Finalmente, Julio Daniel Chaparro (1962-1991), quien alcanzó a publicar dos libros: Y éramos como soles (1986) y País para mis ojos (1988). Por los títulos uno podría tramarle parentescos diversos, muy recomendables ambos (4) . Ni el exceso de palabras ni la escasez gratuita. Pero, eso si, un limpio coraje:"inquieta certidumbre,/ así desea ser mi poesía" (Meridiano, pág. 57). El último poema del libro nos llega, como suele ocurrir con las malas noticias, puntualmente:

si el sol sigue dorando las estrellas
si el viento aúlla y restaña otro rostro en el espejo
si baila el aire en tu cabello y te retiene,
da el paso que debieras
ese instante de la muerte que aún no tienes: vuela.
 

[Epitafio, pág. 59] 

Esta Postal de fin de siglo no tiene un criterio muy estricto en cuanto a la diagramación: los poemas de Garcés, siendo breves, van uno en cada página —lo que está rebién—, pero con los seis restantes poetas no sucedió lo mismo; por otra parte, un tipo de letra pequeño habría permitido una selección más amplia, cosa que extrañarnos. Sin embargo, el contacto con el lector no decae. De ahí la importancia de estas obras. Para seguirles el rastro. 

 

EDGAR O’HARA

 

(1) Cf. Línea en la que palabra (pág. 17) y Pirómana (pág. 28), respectivamente.
(Regresar a 1)

(2) Del legendario, y único libro, de Carlos Oquendo de Amat (1905-1936) hay varias reediciones: Lima, Decantar, 1969; Lima, Copé, 1980 (edición facsimilar); Madrid, Editorial Orígenes, 1985, con presentación de Manuel Gutiérrez Sousa; México, Juan Pablos Editor /U.A.M., 1989, con prólogo de David Huerta. Cierra el libro Poema al lado del sueño (repárese en el primer verso): "Parque salido de un sabor admirable/ Cantos colgados expresamente de un árbol/ Arboles plantados en los lagos cuyo fruto es una estrella/ Lagos de tela restaurada que se abren corno sombrillas/ Tú estás aquí como la brisa o corno un pájaro/ En tu sueño pastan elefantes con ojos de fondos de flor/ Y un ángel rodará los ríos corno aros/ Eres casi de verdad/ pues para ti la lluvia es un intimo aparato para medir el cambio/ moú Abel tel ven Abel en el té/ Distribuyes signos astronómicos entre tus tarjetas de visita".
De Eielson, la reunión Poesía escrita (Lima, INC, 1976). Su Poesía en forma de pájaro
(pág. 156) apareció en la revista Eco, núm. 157, noviembre de l973. (Regresar a 2). 

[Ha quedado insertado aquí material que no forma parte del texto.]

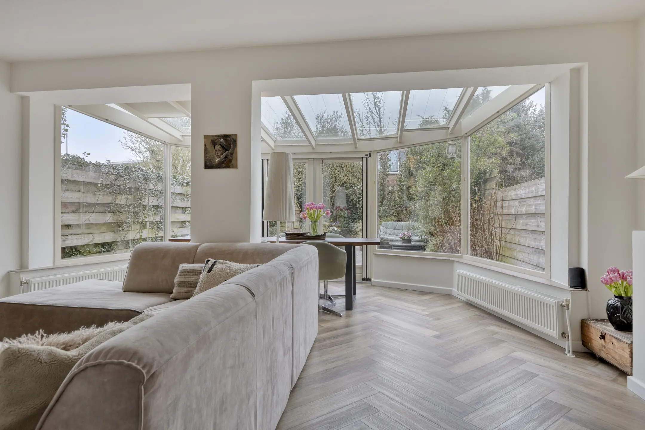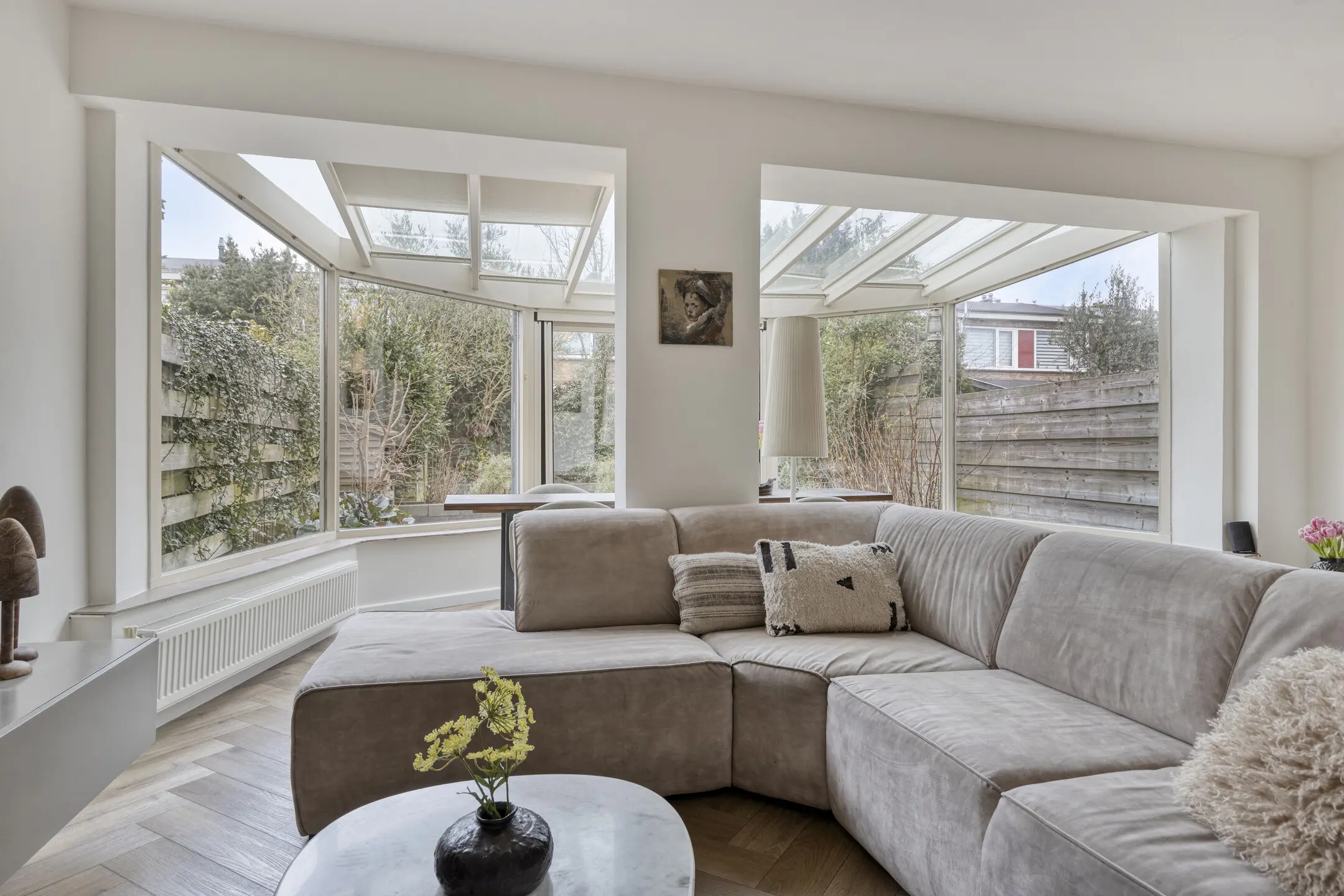 De tuingerichte woonkamer is over de volle breedte gesitueerd en is in combinatie met de uitbouw heerlijk ruim. De achtertuin is met een afmeting van ca. 6 x 13 flink te noemen en ideaal voor de koper met groene vingers. Door de gunstige situering is er overigens sprake van een maximale bezonning.

(3)   Específicamente este poema breve: "Aquel que piensa y no habla/ Un caballo lo lleva hacia la Biblia/ Aquel que sueña se mezcla al aire". Cf. Pequeño homenaje a Georges Schéhade, en Puertas al campo, Barcelona, Seix Barral, 1972, pág. 93. (Regresar a 3)

(4)   Pienso en Y eramos inmortales (1974) de Pedro Lastra y País secreto (1988) de J. M. Roca. (Regresar a 4)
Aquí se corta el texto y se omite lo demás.